Business bigwigs, politicians, and celebrities in attendance will ponder the post-digital revolution world of AI robots, designer babies, memory extraction, and what law makers should do to avoid mass impoverishment as blue- and white-collar workers are replaced by smarter automation.

According to Nadella, Microsoft's $1bn in-kind donation will help solve the problems, since cloud computing is vital to unlocking the secrets of big data.

"Microsoft is empowering mission-driven organizations around the planet with a donation of cloud computing services -- the most transformative technologies of our generation," said Nadella.

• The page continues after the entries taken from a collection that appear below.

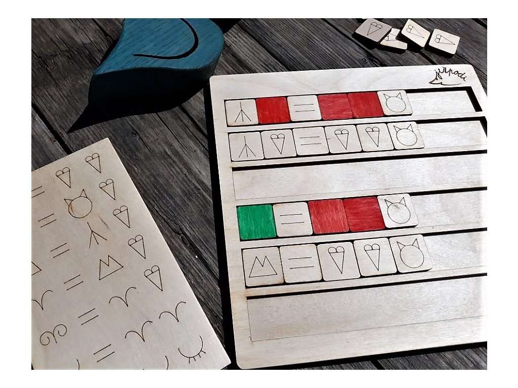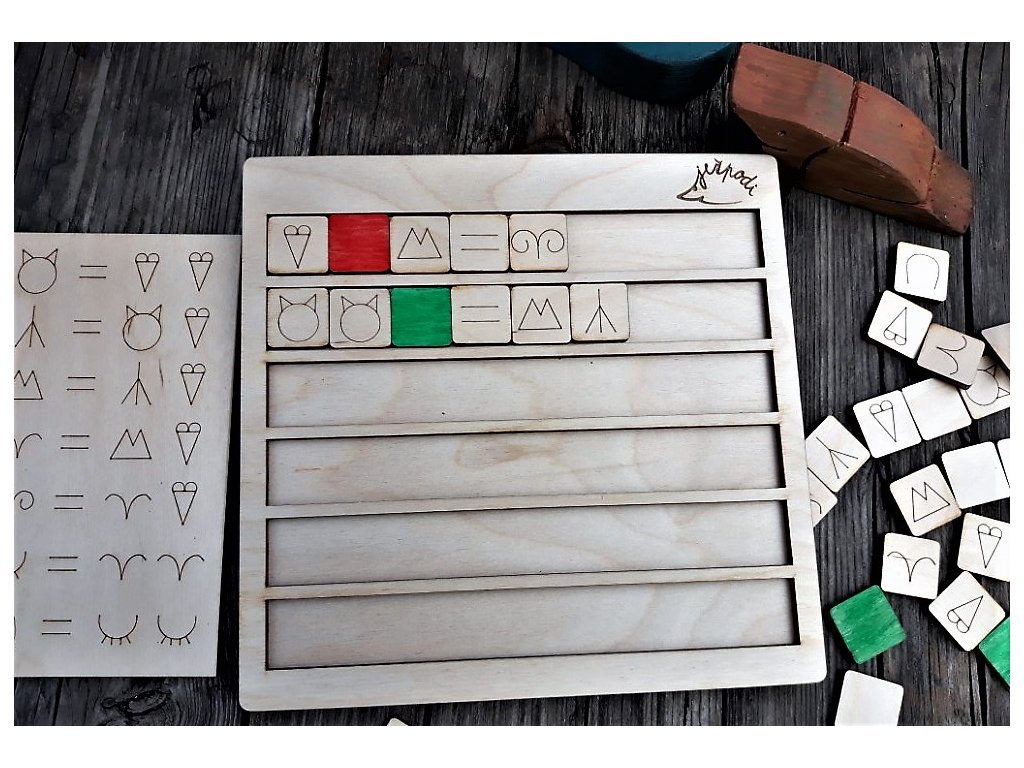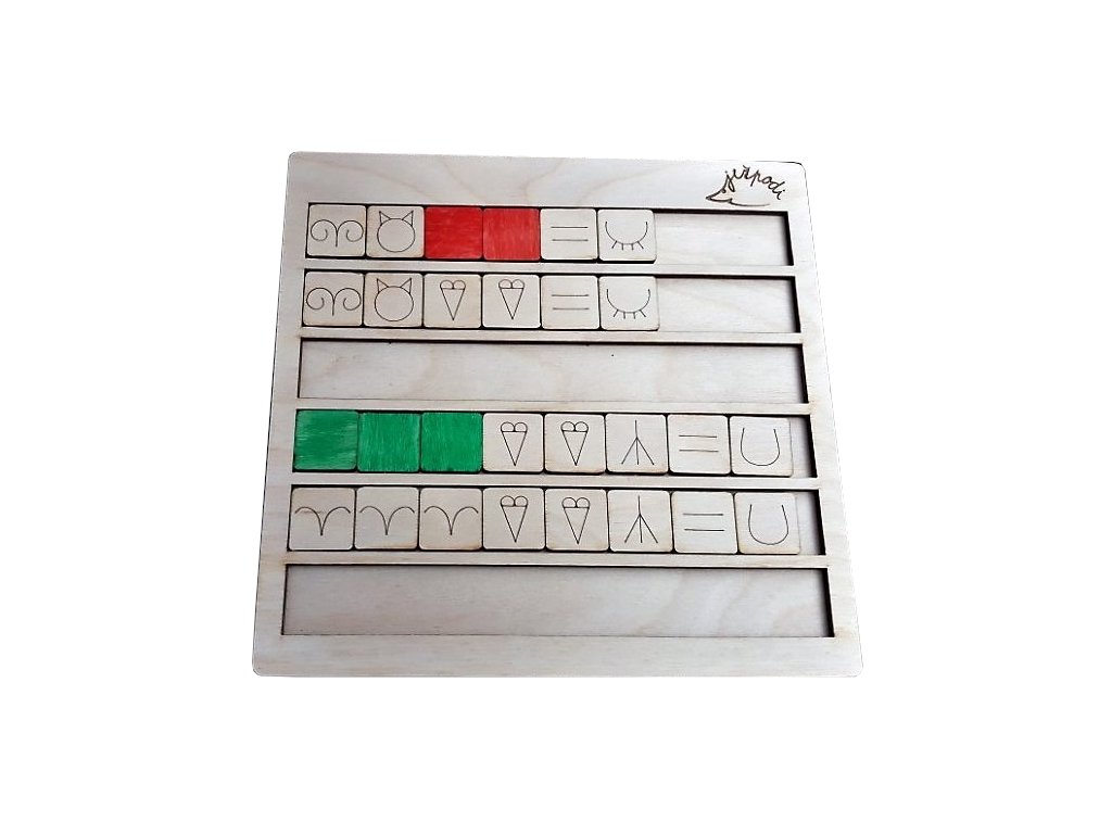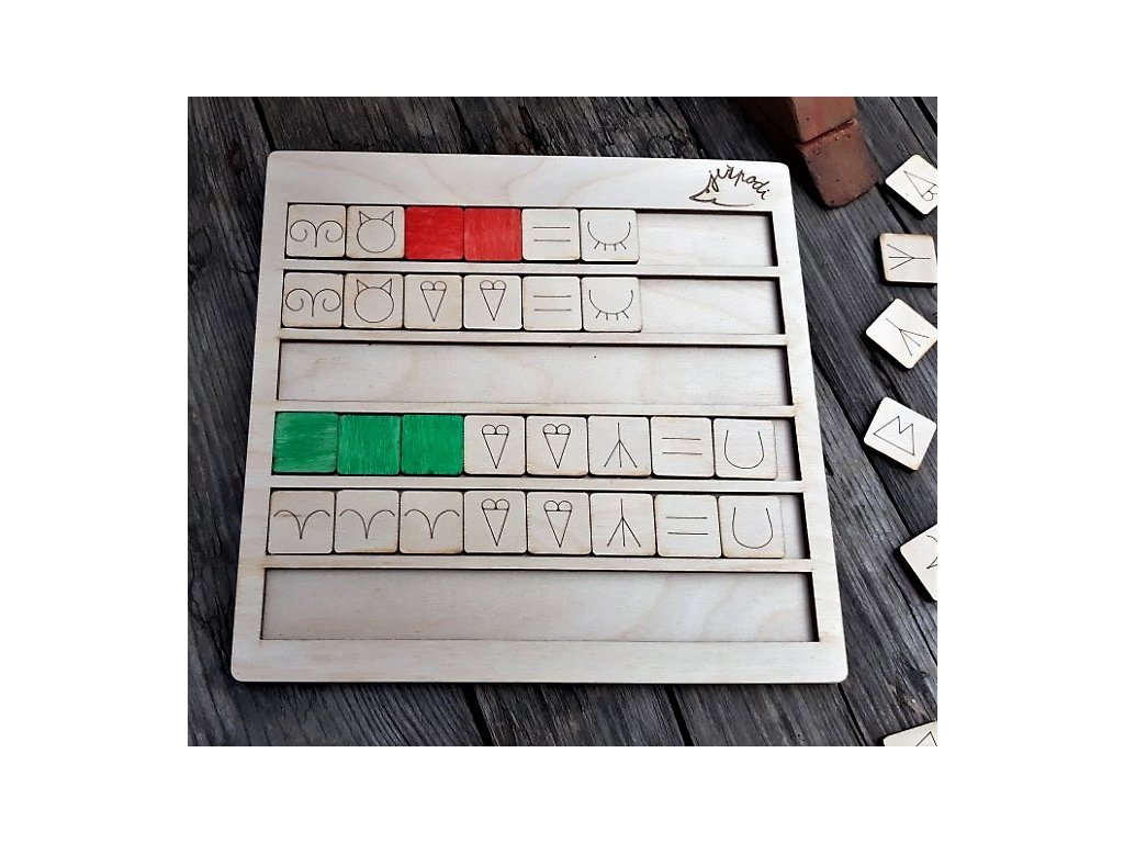 Sada obsahuje celkem 100 kusů dílků - 20x myš, 15x kočka, 10x husa, 10x pes, 8x koza, 5x beran, 5x kráva, 5x kůň, 6x =, 3x >, 3x<, 5x červený dílek, 5x zelený dílek. Dílky mají zaoblené hrany, dobře se s nimi manipuluje, jsou uložené v plátěném sáčku.
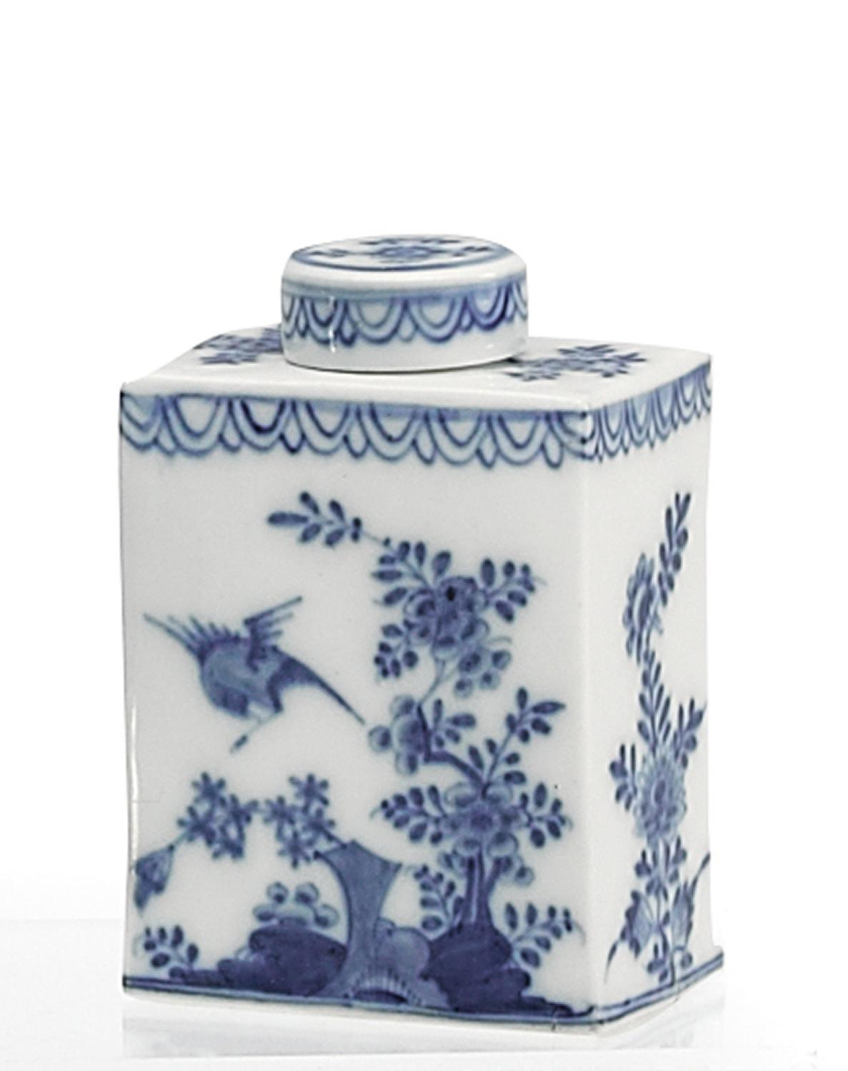 KLEINE TEEDOSE MIT FELS-UND-VOGEL-DEKOR.
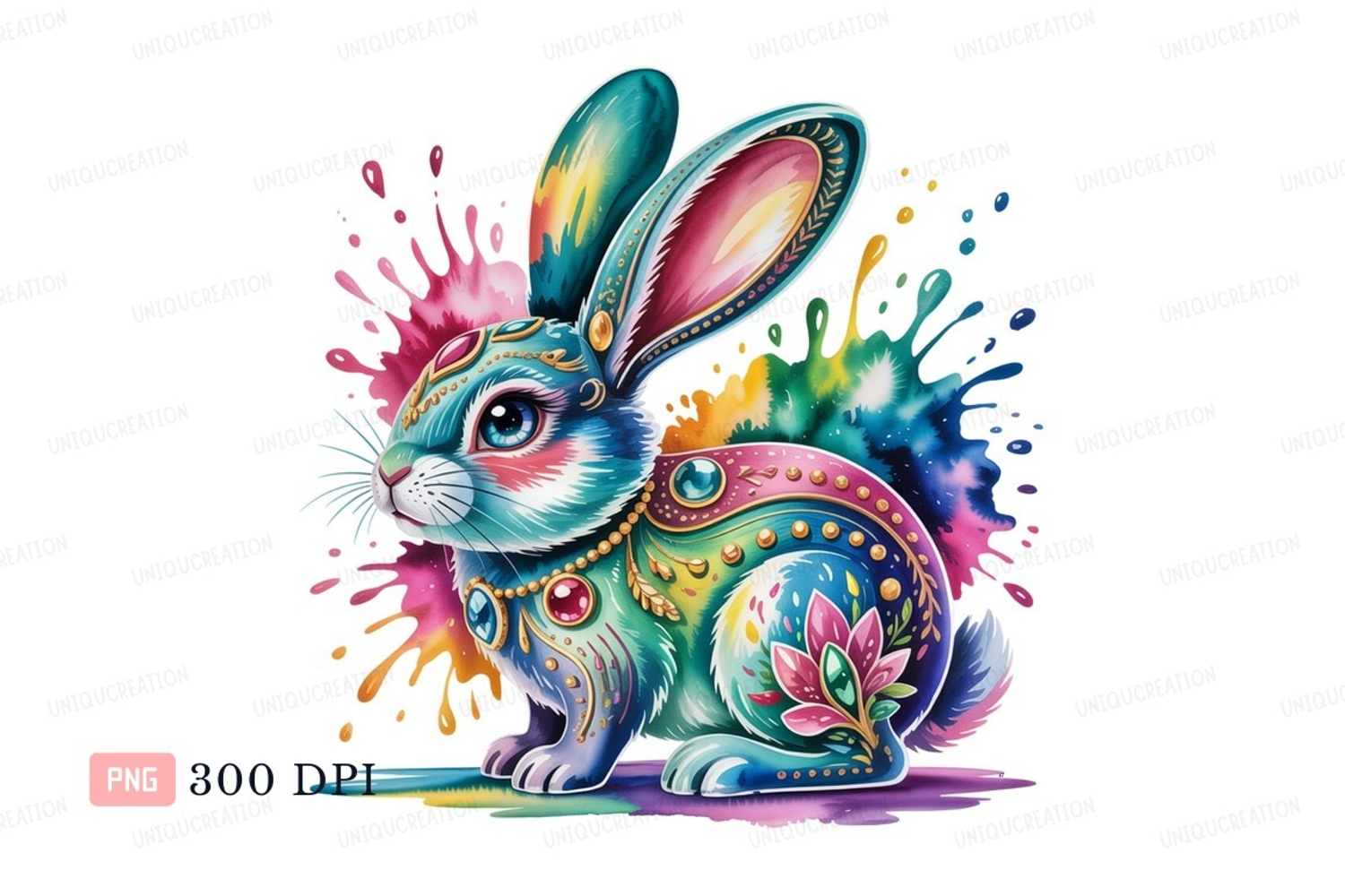 Similar Design Products to Colorful ornate rabbit with paint splashes image

"Now more than 70,000 organizations will have access to technology that will help them solve our greatest societal challenges and ultimately improve the human condition and drive new growth equally," he added.

Last year 193 heads of state adopted 17 sustainable development goals to achieve by 2030, including ending poverty, ending hunger, and ensuring affordable, reliable, and sustainable energy for all. Microsoft said the scale and computational power enabled by cloud computing "will be essential to unlocking solutions to this list of some of the world's seemingly unsolvable problems".

Specifically, those 70,000 non-profits will have access to Azure, Power BI, CRM Online, and its Enterprise Mobility Suite. Previously Microsoft has offered Office 365 free to non-profits.

For university researchers, Microsoft will add another 300 projects to its already-running Azure for Research program that currently grants free Azure storage and computing resources to 600 research projects.

Then there's Microsoft's connectivity program that has offered $75,000 in grants to startups with ideas on how to improve last-mile connection technologies. Applications for that program closed this week, but Microsoft Philanthropies intends to support 20 of these projects in at least 15 countries around the world by the middle of 2017.

Microsoft launched its dedicated Philanthropies unit in December, with the aim of providing more equal access to technology. The group is being lead by senior Microsoft lawyers, including VP of Philanthropies, Mary Snapp, a veteran lawyer at Microsoft who reports to its chief legal officer Brad Smith. As recently noted, Microsoft last year donated $120m in cash and $950m in in-kind donations.